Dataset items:
★ ★ ★

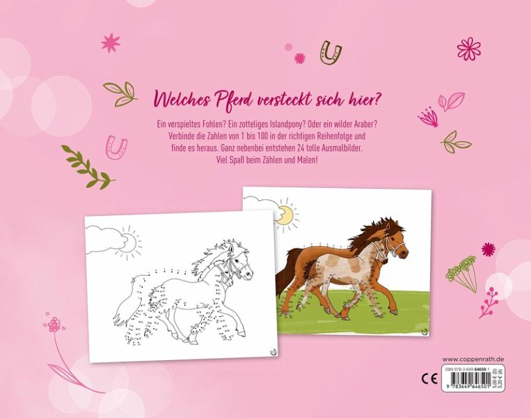 Ein verspieltes Fohlen? Ein zotteliges Islandpony? Oder ein wilder Araber? Verbinde die Zahlen von 1 bis 100 in der richtigen Reihenfolge und finde es heraus. Ganz nebenbei entstehen so 24 tolle Ausmalbilder. Viel Spaß beim Zählen und Malen!
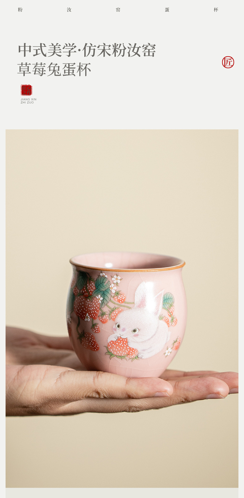 色分類 汝窯粉-いちご兎卵カップ
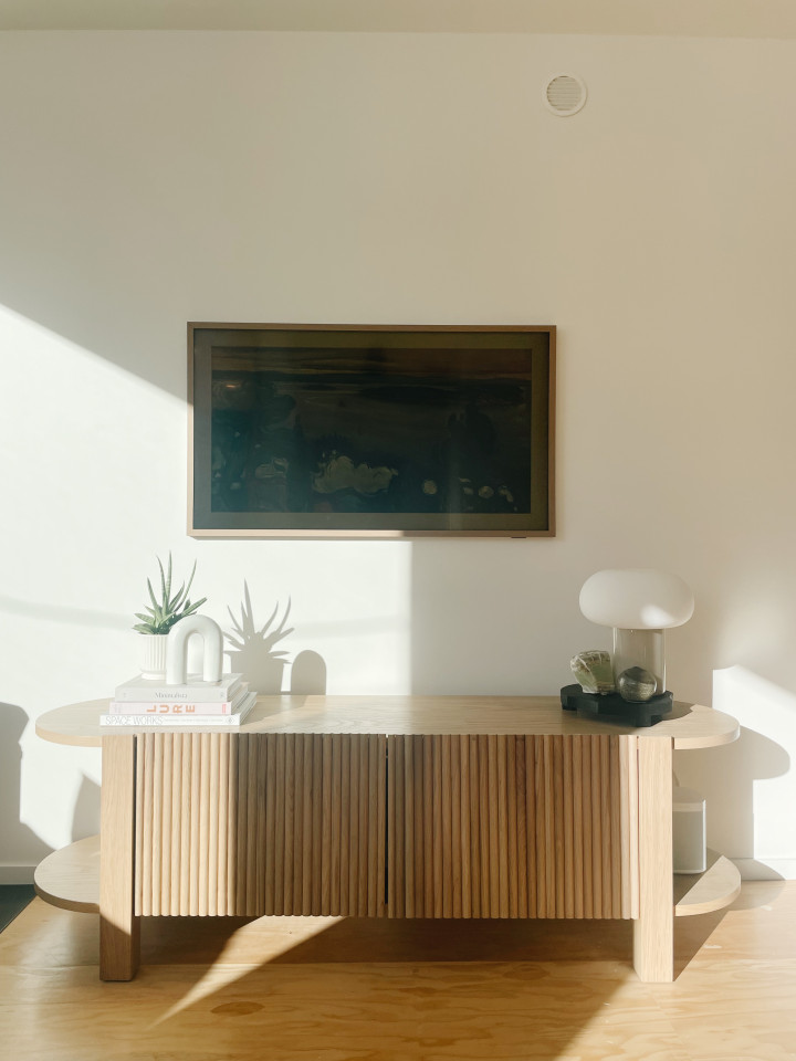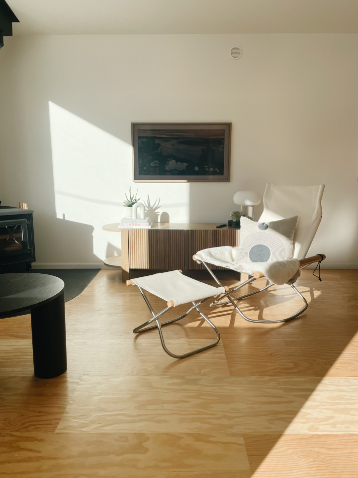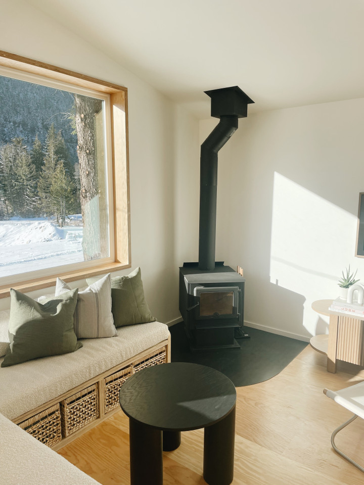 -Il soggiorno è caratterizzato da finestre panoramiche oversize, stufa a legna e TV Samsung Frame.
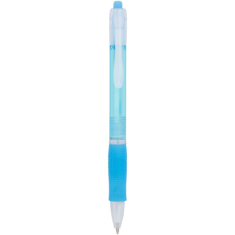Farbiger Kugelschreiber mit Klickmechanismus mit transparentem Schaft und gummiertem Griff in passender Farbe.
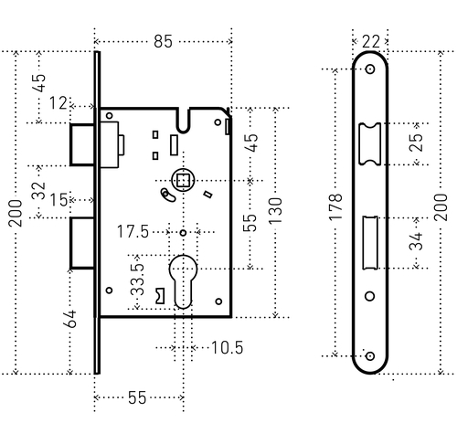 Врезной замок с ручками. Предназначен для установки в деревянные двери толщиной до 40 мм. Прямоугольный ригель, вылет 24 мм. Универсальная защелка. Корпус из оцинкованной стали. Межосевое расстояние - 55 мм. Удаление ключевого отверстия - 55 мм. Материал ручек — алюминиевый сплав , накладки — сталь. Многослойное гальваническое покрытие. Комплектация: замок, ручки, ответная планка, винтовые стяжки,цилиндровый механизм 70мм.Гарантийный срок эксплуатации — 3 года.
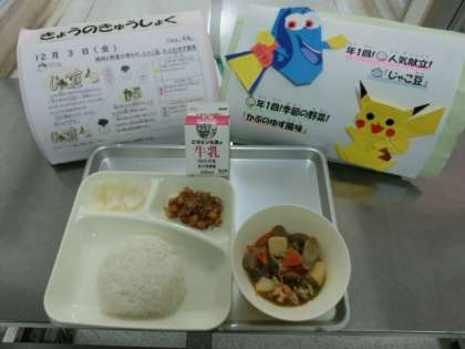人気献立『じゃこ豆』と季節の『かぶ(鳥取県産)』の和風献立に舌つづみを打ちました!(12/3の給食)
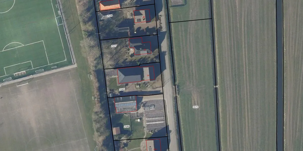 Toevlucht 24 is gelegen op kadastraal perceel OMR01F2545. Deze kadastrale aanduiding is uniek en wordt gebruikt door het Kadaster om eigendomsrechten en andere zakelijke rechten vast te leggen. Het perceel maakt onderdeel uit van de kadastrale gemeente Opmeer.
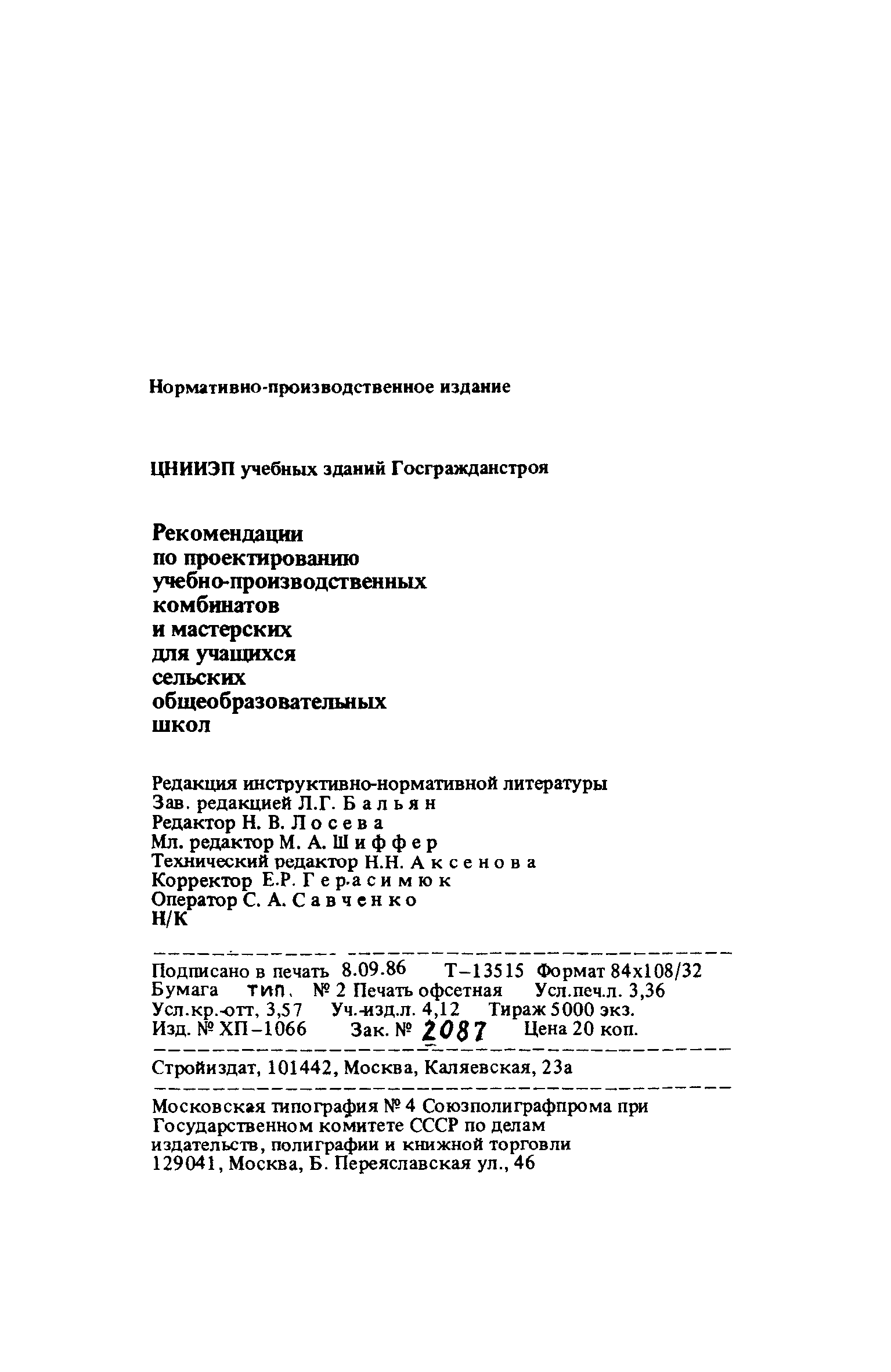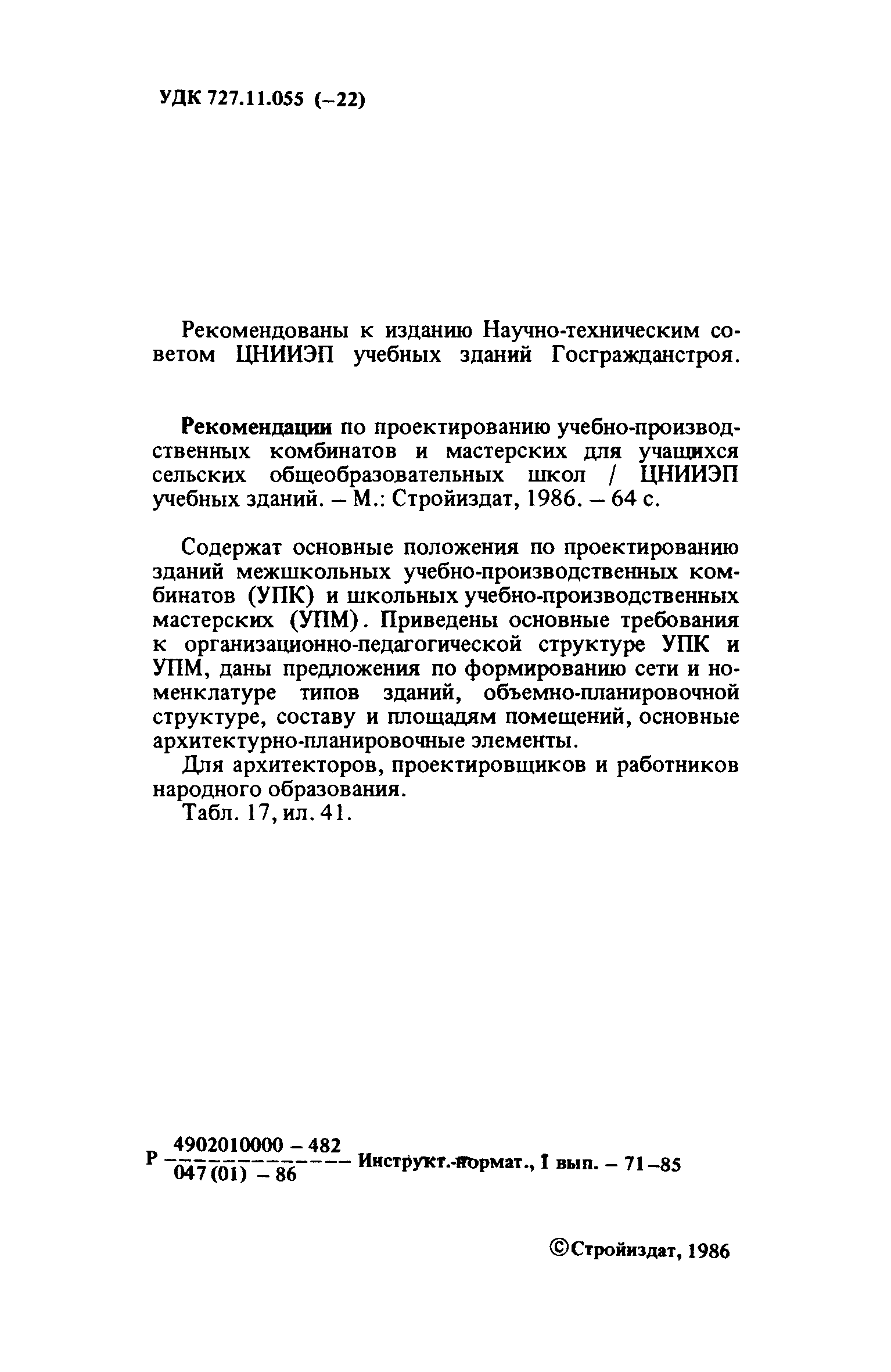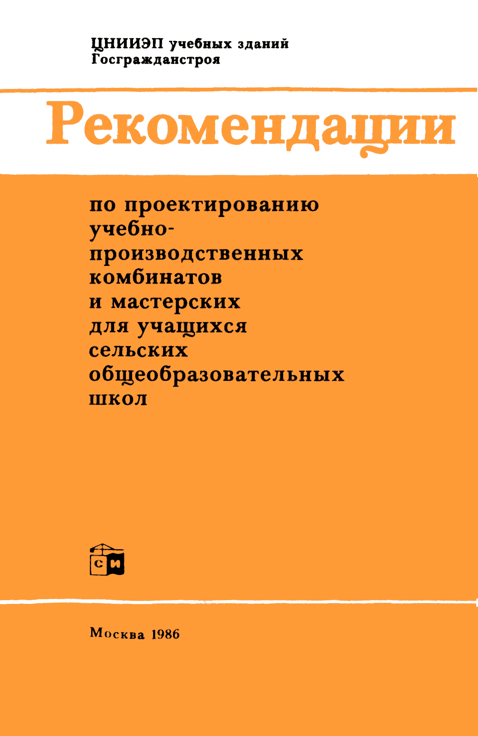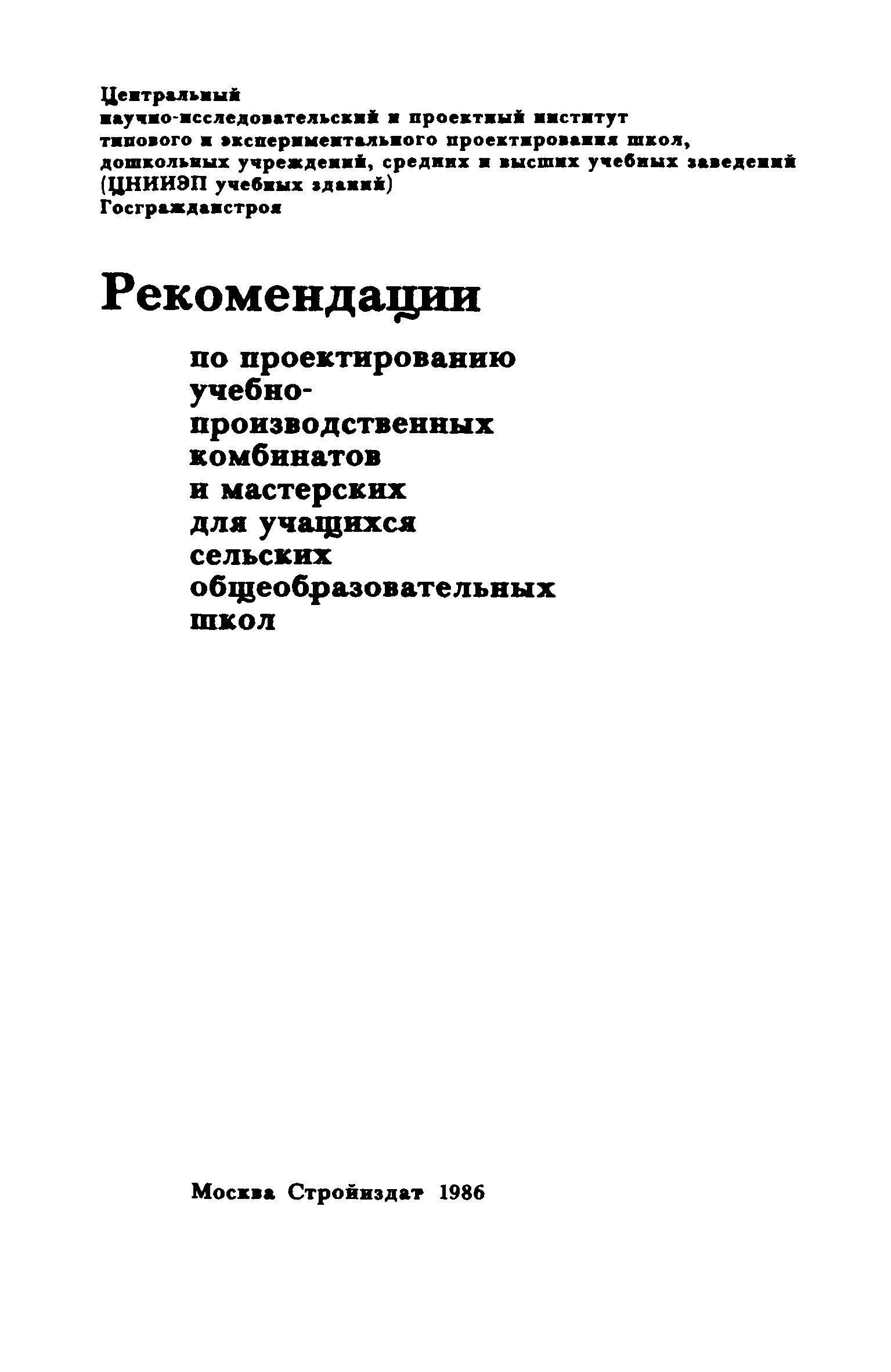 | Название рус.: | Рекомендации по проектированию учебно-производственных комбинатов и мастерских для учащихся сельских общеобразовательных школ |
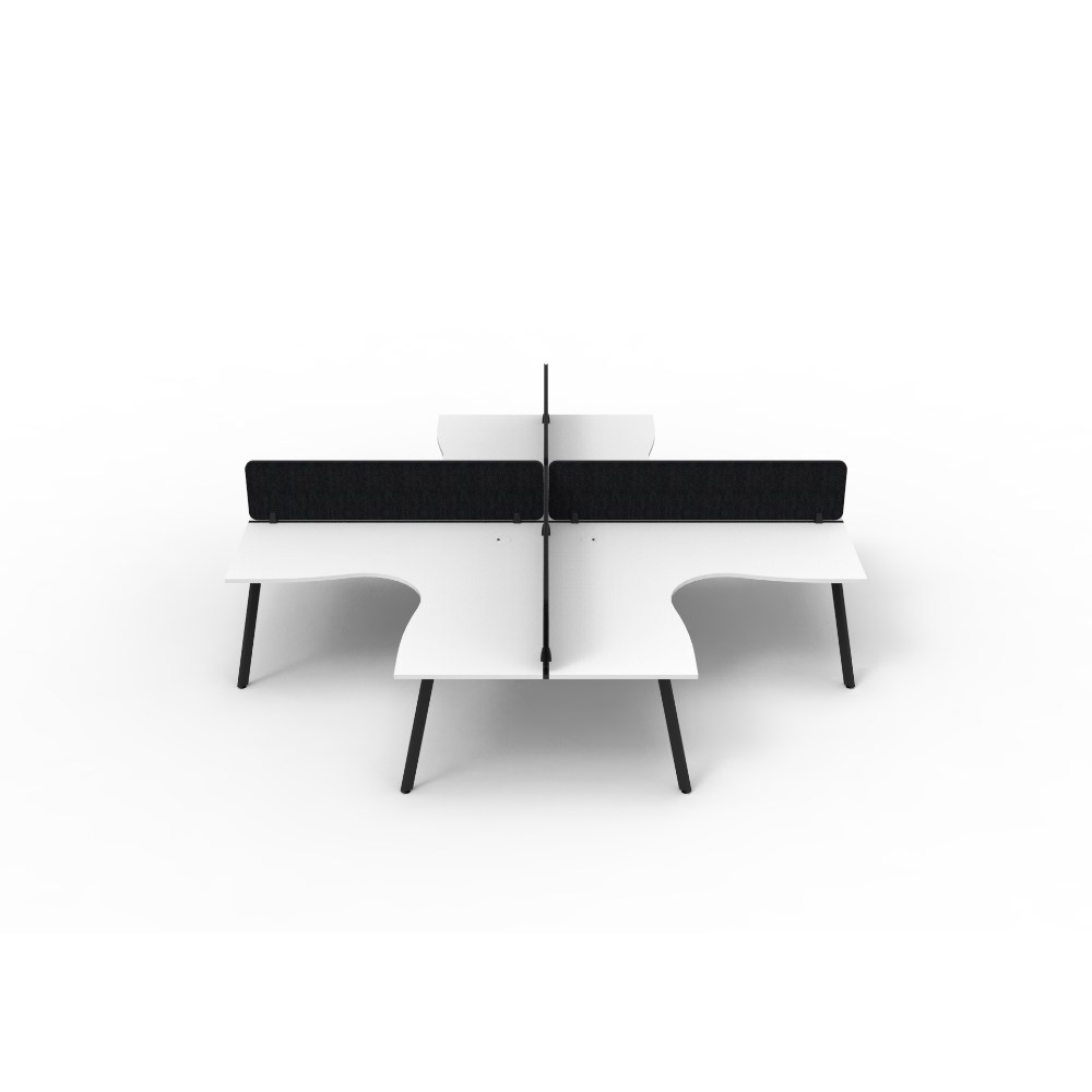 4 person corner workstation POD with Natural White top, Black Eco screen.

★ ★ ★

◆ ACTIVITY
The response should consist of the lines above from the first through the one containing "Toevlucht 24 is", transcribed exactly, with every picture left out.

◆ THE COMPLETED TASK
 Ein verspieltes Fohlen? Ein zotteliges Islandpony? Oder ein wilder Araber? Verbinde die Zahlen von 1 bis 100 in der richtigen Reihenfolge und finde es heraus. Ganz nebenbei entstehen so 24 tolle Ausmalbilder. Viel Spaß beim Zählen und Malen!
 色分類 汝窯粉-いちご兎卵カップ
 -Il soggiorno è caratterizzato da finestre panoramiche oversize, stufa a legna e TV Samsung Frame.
Farbiger Kugelschreiber mit Klickmechanismus mit transparentem Schaft und gummiertem Griff in passender Farbe.
 Врезной замок с ручками. Предназначен для установки в деревянные двери толщиной до 40 мм. Прямоугольный ригель, вылет 24 мм. Универсальная защелка. Корпус из оцинкованной стали. Межосевое расстояние - 55 мм. Удаление ключевого отверстия - 55 мм. Материал ручек — алюминиевый сплав , накладки — сталь. Многослойное гальваническое покрытие. Комплектация: замок, ручки, ответная планка, винтовые стяжки,цилиндровый механизм 70мм.Гарантийный срок эксплуатации — 3 года.
人気献立『じゃこ豆』と季節の『かぶ(鳥取県産)』の和風献立に舌つづみを打ちました!(12/3の給食)
 Toevlucht 24 is gelegen op kadastraal perceel OMR01F2545. Deze kadastrale aanduiding is uniek en wordt gebruikt door het Kadaster om eigendomsrechten en andere zakelijke rechten vast te leggen. Het perceel maakt onderdeel uit van de kadastrale gemeente Opmeer.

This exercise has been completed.